# Welche Angelkarte für Ostsee??



## analoge2002 (22. September 2009)

Wir werden am Wochenende nach Warnemünde zum Angeln fahren, aber welchen Schein/Karte benötigen wir hierfür. Wir sind aus Bayern und haben alle den hier üblichen staatlichen Fischereischein. Einen Tag fahren wir selber mit dem Boot raus und die anderen Tage mit dem Kutter. Müssen wir uns jetzt noch eine Karte für die Ostsee besorgen? Falls ja welche und was kostet diese und wo bekommt man solche Karten???

Wären über jede Hilfe dankbar!

Grüße


----------



## flexxxone (22. September 2009)

*AW: Welche Angelkarte für Ostsee??*

Bevor sich wieder jemand aufregt, dass diese Frage schon 1000000000000000000000 mal gestellt wurde 

klick hier

ich hatte das kürzlich schonmal gefragt.

Du brauchst definitiv eine Erlaubnis, gibt's in den Angelläden oder bei Fischern.

Gruß
flexxx


----------



## beschu (22. September 2009)

*AW: Welche Angelkarte für Ostsee??*

wenn ihr nach rostock fahrt,kommt ihr ja bestimmt die A19 hoch.Dann könnt ihr zb Richtung Überseehafen weiterfahren.Dort bekommt ihr an der HEM-Tankstelle unter anderem auch die Ostseekarte(aber euren GÜLTIGEN Fischereischein nicht vergessen!)Ich würde die Wochenkarte für 10euro nehmen.Oder ihr fahrt ins Fischkombinat Marien-Ehe.Dort an der Tanke bekommt ihr auch alle Karten.An diesen beiden Tanken zu jeder Tages-und Nachtzeit.Ansonsten in jedem(?)Angelladen in Rostock zb in Warnemünde am Alten Strom auf der Mittelmole.Ich wünsch euch viel Spass(vergesst die Herings-und Makrelenvorfächer nicht;am Besten Beraten lassen)gruss beschu#h


----------



## analoge2002 (23. September 2009)

*AW: Welche Angelkarte für Ostsee??*

Dankeschön für die schnellen Antworten!
Hast du vielleicht noch einen Tipp für uns, weil wir zum ersten Mal selbst mit dem Boot rausfahren. Ich meine bezüglich Köder und wie wir uns verhalten müssen und wo wir hinfahren sollen???


----------



## beschu (23. September 2009)

*AW: Welche Angelkarte für Ostsee??*



analoge2002 schrieb:


> Dankeschön für die schnellen Antworten!
> Hast du vielleicht noch einen Tipp für uns, weil wir zum ersten Mal selbst mit dem Boot rausfahren. Ich meine bezüglich Köder und wie wir uns verhalten müssen und wo wir hinfahren sollen???

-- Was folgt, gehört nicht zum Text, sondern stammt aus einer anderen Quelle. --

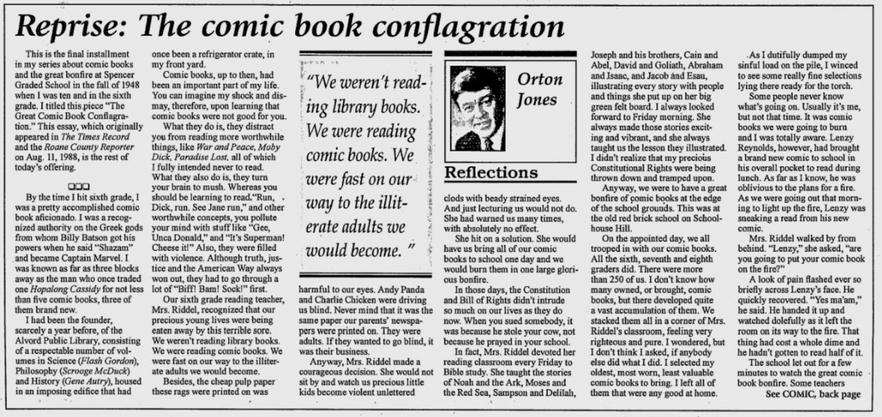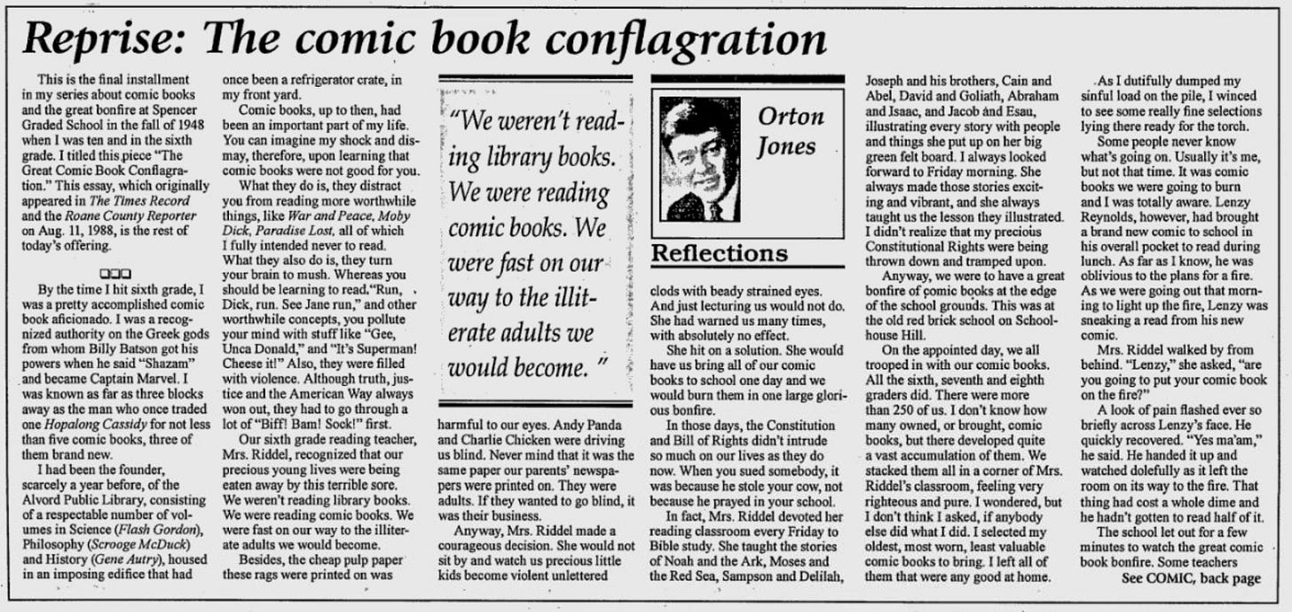 However, he only brought his “most worn, least valuable comic books” to the bonfire and left the good ones at home. His classmate, Lenzy Reynolds, was inconspicuously reading from his newest comic when Mrs. Riddel asked him if he was going to put it on the fire. “Yes, ma’am,” responded Linzy. “That thing cost him a whole dime,” writes Jones, “and he hadn’t gotten to read half of it.”

so richtig weiterhelfen kann ich dir nicht,ich weiss ja nicht wohin wettermässig die Fahrt geht#c.Wenn ihr nach Westen fahrt,Herings-oder Makrelenvorfach,Naturköder(?),Pilker am System mit einem Beifänger(japanrot)....das ist überall dasselbe.versuchts einfach.viel spass gruss beschu#h


----------



## analoge2002 (23. September 2009)

*AW: Welche Angelkarte für Ostsee??*

Danke wir werden unser Glück dann einfach mal versuchen und hoffentlich den einen oder anderern erwischen.

Grüße


----------